# Free Jagd terrier xsd pups.



## ga-jadgterrier (Dec 21, 2010)

Wasnt planning on any pups, my jagd female was in heat,so i put her in my heat pen but she is an escape artist.Actually found her 2 days later at my buddys farm with his male kimmer cur. Got 6 total  3 red 3 black. Just come get em.Will be ready around  first week in jan.They are FREE,so please dont be asking dozens of ???'s..thanks  steve..  im in SouthWest Ga, 1 hr south of Columbus..


----------



## PuppyLove (Dec 22, 2010)

Do you have any pics? What day were they born?


----------



## JWT (Dec 22, 2010)

Pics please very interested!! Ill be headed to ft gaines after firstof yr


----------



## ga-jadgterrier (Dec 22, 2010)

Will try to get some on here by wknd.. not home during daylight hours, gotta work to much..  Puppylove if thats really u in ur avatar, u can have all of them, i will even deliever...


----------



## PuppyLove (Dec 23, 2010)

LOL yes that's really me but I just need one puppy  I'm lookin' around atm, but I wouldn't be able to pick one up till about Feb 5th. Lookin' for a black female puppy  And be careful, a drive to Charleston would be quite a long one indeed


----------



## Jester896 (Dec 23, 2010)

some things are absolutely worth the wait


----------



## magnumman357 (Dec 23, 2010)

to bad the Kemmers are a full size dog i am looking for a small jagd cross, down here you can use dogs during small game as long as they are under 18" at the shoulder. Will have to try and get jknight to sell me one of his cat/jack/jagd mixes.


----------



## ga-jadgterrier (Dec 23, 2010)

magnumman357 said:


> Damm to bad the Kemmers are a full size dog i am looking for a small jagd cross, down here you can use dogs during small game as long as they are under 18" at the shoulder. Will have to try and get jknight to sell me one of his cat/jack/jagd mixes.
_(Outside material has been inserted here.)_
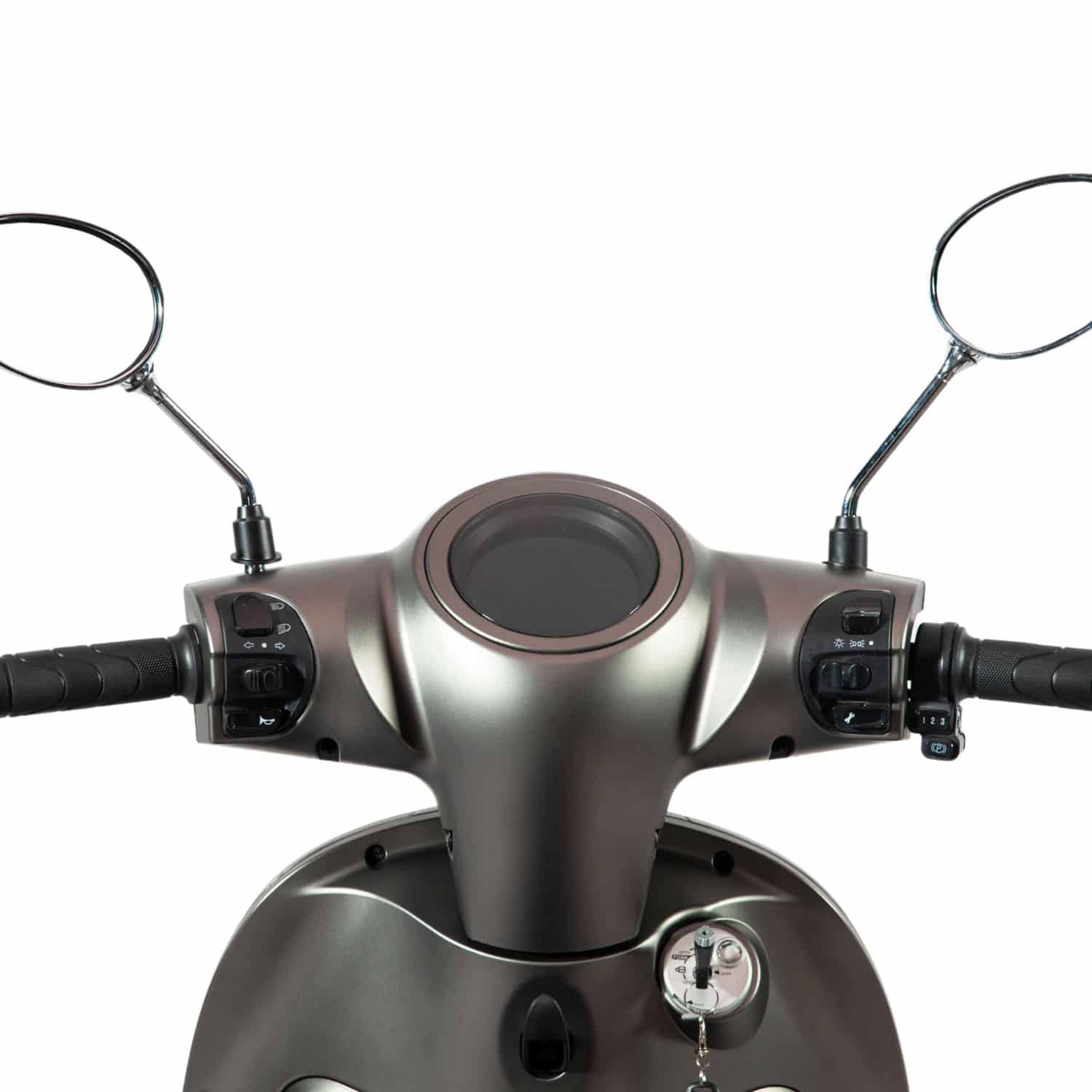 L’écran de bord de ce scooter électrique est très lisible. Blanc sur noir, il indique en son centre la vitesse instantanée, le mode de vitesse sélectionné. Également, un odomètre, l’heure, la température extérieure, clignotants, phares ou l’état de charge des batteries.

They not gonna be that big, maybe 16-17 in. female jagd is only 13in and male  is around 19-20.


----------



## PuppyLove (Dec 28, 2010)

pics?  And what is their d.o.b.?


----------



## terry j (Dec 31, 2010)

Do you still have the pups and if what is phone number


----------



## roperdoc (Dec 31, 2010)

Better post that gal some pictures and answer her! Not scared are you?


----------



## ga-jadgterrier (Jan 1, 2011)

I got the pics, but cant post them on my work pc. I am wrkng today,will post them tonight. Sorry its taken so long,been very busy.  their  dob  is 11/25/2010..


----------



## PuppyLove (Jan 1, 2011)

Alas, I've now found me a kemmer cur pup in Louisiana. Sending in my deposit for her today. I'm a sucker for the kemmers.


----------



## Jester896 (Jan 1, 2011)

*Rut Row*

hope ur not too late...i see a black one


----------



## terry j (Jan 3, 2011)

My buddy is looking for that type of dog if u still have them


----------



## ga-jadgterrier (Jan 4, 2011)

I still have all 6 pups..   my buddy who owns the male kemmer also has pups 2 wks older than mine.. they  are 3/4 kemmer  1/4 fiest, hes got 5 left.. FREE as well.  ALL first come first serve. Ive had lots of ppl say they wanted them. So where ya at???


----------



## Hawg Daddy (Jan 4, 2011)

I PM'd you to see how far you are from Live Oak if it's not too far I want a pair.


----------



## Hawg Daddy (Jan 4, 2011)

are you closed to plains ?


----------



## shawnkayden2006 (Jan 4, 2011)

cute puppies.


----------



## terry j (Jan 5, 2011)

We leave in dearing ga its near augusta. Where r u located at.


----------



## izzyhuntin (Jan 6, 2011)

If you still have them very interested in two we will be around this weekend can you pm me a number to get directions.


----------



## ga-jadgterrier (Jan 7, 2011)

Ok ppl where u at??  about what i figured.. Had all these ppl wanting one around 20 to be exact but when its time to come get em,they dont want em...


----------



## hogsanddogs (Jan 7, 2011)

I called and left a message but still haven't gotten a call back


----------



## ga-jadgterrier (Jan 8, 2011)

call me back. or send me ur # in  a pm. i did have one call,but they didnt leave a call back #...


----------



## Hawg Daddy (Jan 8, 2011)

I've PM'd you trying to get your # I have some family hunting in plains if you will get back with me I could get him to pick me up a pair.


----------



## terry j (Jan 9, 2011)

My number 706-699-8126 call me anytime I would like to come get a couple of them


----------



## wclawrence (Jan 10, 2011)

terry j wants you to call him


----------



## roperdoc (Jan 10, 2011)

Hurry up, He'll be gone to Louisiana with Puppy Love!


----------



## knuckle deep (Jan 13, 2011)

*pups*

checking to see if you still have any pups left?


----------



## HawgJawl (Jan 14, 2011)

If you or your buddy with the 3/4 Kemmers have any pups left, please let me know.  I'm interested in one.  Thanks.


----------